One script to automatically generate NSClient-compatible performance counters in Nagios, one to read them
The final product of these scripts is a file with auto-generated Nagios/Icinga services. Those services will call a Python script that will contact the Hyper-V host to retrieve counter data.
You need to bring:
- A functional Nagios, Icinga, or compatible environment
- check_nrpe on the above
- A plug-in for the above that can process performance data, such as PNP4Nagios
- A Python environment on the above
- A functional Hyper-V host with one or more running virtual machines
- Access to that host Hyper-V host with PowerShell
- NSClient installed on that Hyper-V host, reachable by the Nagios/Icinga/compatible environment
This section explains why you can't just use the normal performance counter reading tools and how the Python script solves them
- If the target VM is off, no counter data will be generated (counter won't even exist); the script substitutes empty data
- If the target VM is clustered, the script will chase down the owning node and retrieve counter data from it
Read the help data for it.
Make these changes to nsclient.ini:
[/settings/NRPE/server]
allow nasty characters = 1
[/modules]
CheckCounter = 1
CheckWMI = 1
The automatically generated services list will attempt to use a Nagios command named "check-hypervmperf". How you implement that command depends on if you are using a secure or insecure channel to NSClient.
# Retrieves performance information for Hyper-V virtual machines
# HOSTADDRESS: always attach to the cluster or host that owns the virtual machine
# ARG1: the host or cluster that owns the virtual machine
# ARG2: the name of the virtual machine. for clustered VMs, the cluster resource must end in the same
# ARG3: the counter to retrieve. works with any counter on the host, but VMs are intended. ex: "\\Hyper-V Dynamic Memory VM(VMNAME)\\Physical Memory"

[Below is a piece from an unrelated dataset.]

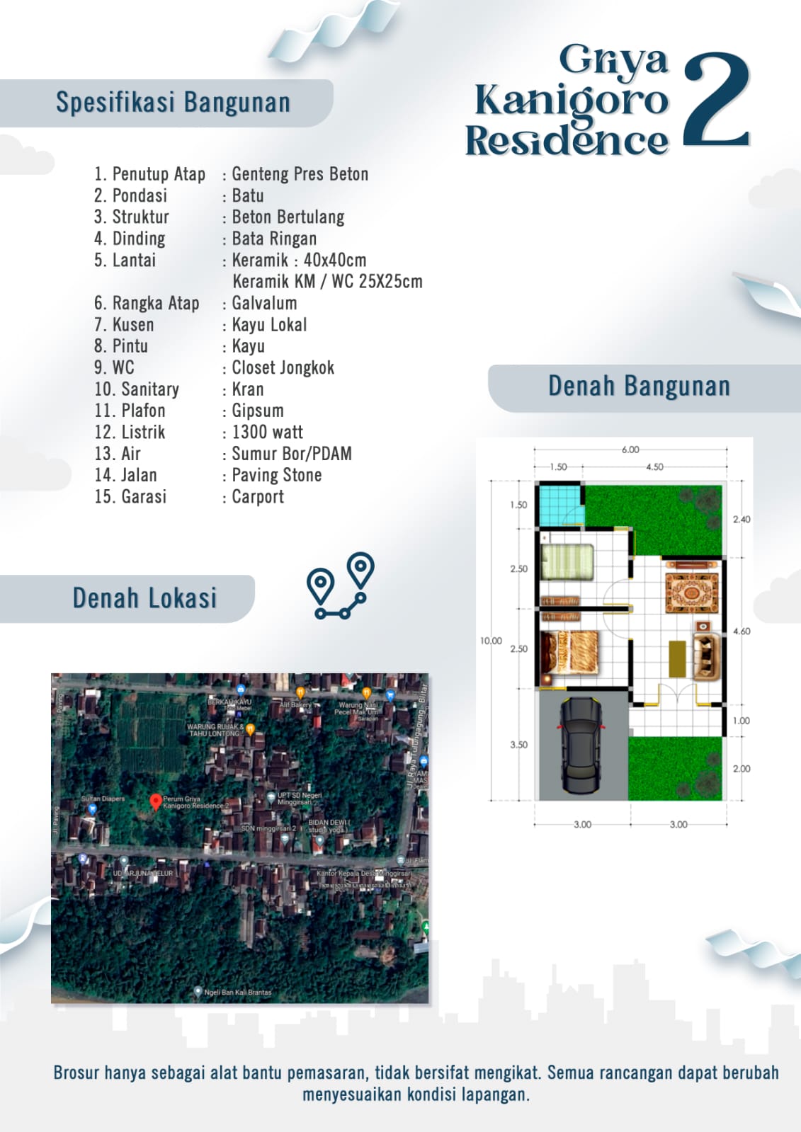 Gria Kanigoro Residence 2 adalah rumah impian yang menawarkan kenyamanan modern dan keindahan alam. Setiap unit dirancang dengan spesifikasi bangunan berkualitas tinggi, termasuk genteng pres beton, fondasi batu, dan struktur beton bertulang. Nikmati kenyamanan lantai keramik dan sanitari terbaik. Dengan listrik 1300 watt, air sumur bor/PDAM, dan jalan paving stone, setiap detailnya dirancang untuk kenyamanan Anda. Lokasinya yang strategis menawarkan akses mudah ke berbagai fasilitas sekitar. Jangan lewatkan kesempatan langka ini untuk memiliki rumah idaman yang menggabungkan estetika dan fungsionalitas.HUNIAN BERKUALITAS DAN BERKELAS DI KABUPATEN BLITAR

# ARG4: additional optional arguments to pass to check_hypervmperf
## -l # treat VM as clustered; find actual current host
## -W value # warn level for counter
## -C value # critical level for counter
## -m # when specified, values from -W and -C will be treated as lower bounds instead of upper (min instead of max)
define command{
command_name check-hypervmperf
command_line $USER1$/check_hypervmperf -H $ARG1$ -N $ARG2$ -c $ARG3$ $ARG4$
}
Treat this as an example only. You will need to supply your own certificate paths and names.
# Retrieves performance information for Hyper-V virtual machines
# HOSTADDRESS: always attach to the cluster or host that owns the virtual machine
# ARG1: the host or cluster that owns the virtual machine
# ARG2: the name of the virtual machine. for clustered VMs, the cluster resource must end in the same
# ARG3: the counter to retrieve. works with any counter on the host, but VMs are intended. ex: "\\Hyper-V Dynamic Memory VM(VMNAME)\\Physical Memory"
# ARG4: additional optional arguments to pass to check_hypervmperf
## -l # treat VM as clustered; find actual current host
## -W value # warn level for counter
## -R value # critical level for counter
## -m # when specified, values from -W and -C will be treated as lower bounds instead of upper (min instead of max)
define command{
command_name check-hypervmperf
command_line $USER1$/check_hypervmperf -t 30 -p 5666 -A /var/ca/ca_cert.pem -C /var/certs/check_nrpe.pem -K /var/certs/check_nrpe.key -H $ARG1$ -N $ARG2$ -c $ARG3$ $ARG4$
}
Configuration mismatches will cause perfectly logical output from this script to fail spectacularly. For instance, if you do not properly attach the service or host name to a valid parent, it might attach to something like "generic-host", causing all sorts of duplicate service warnings. Carefully think through and build out the template hierarchy to use for your VM performance counters before running this script. Connecting a Hyper-V host to its services can be done in multiple perfectly valid ways. Here is a suggestion:
## Virtual Machine object ##
define host{
name hyperv-vm
use perf-host,generic-host
contact_groups admins
check_command check-vm-null
max_check_attempts 1
register 0
}
define command{
command_name check-vm-null
command_line $USER1$/check_dummy 0
}
define servicegroup{
servicegroup_name hyperv-vm-perf-services
alias Hyper-V VM Performance Metrics
}
define service{
name hyperv-vm-performance
servicegroups hyperv-vm-perf-services
use perf-service,generic-service
contact_groups admins
notification_period none
register 0
}
Instruct the script to use the above host and service names as templates, and you should avoid collisions.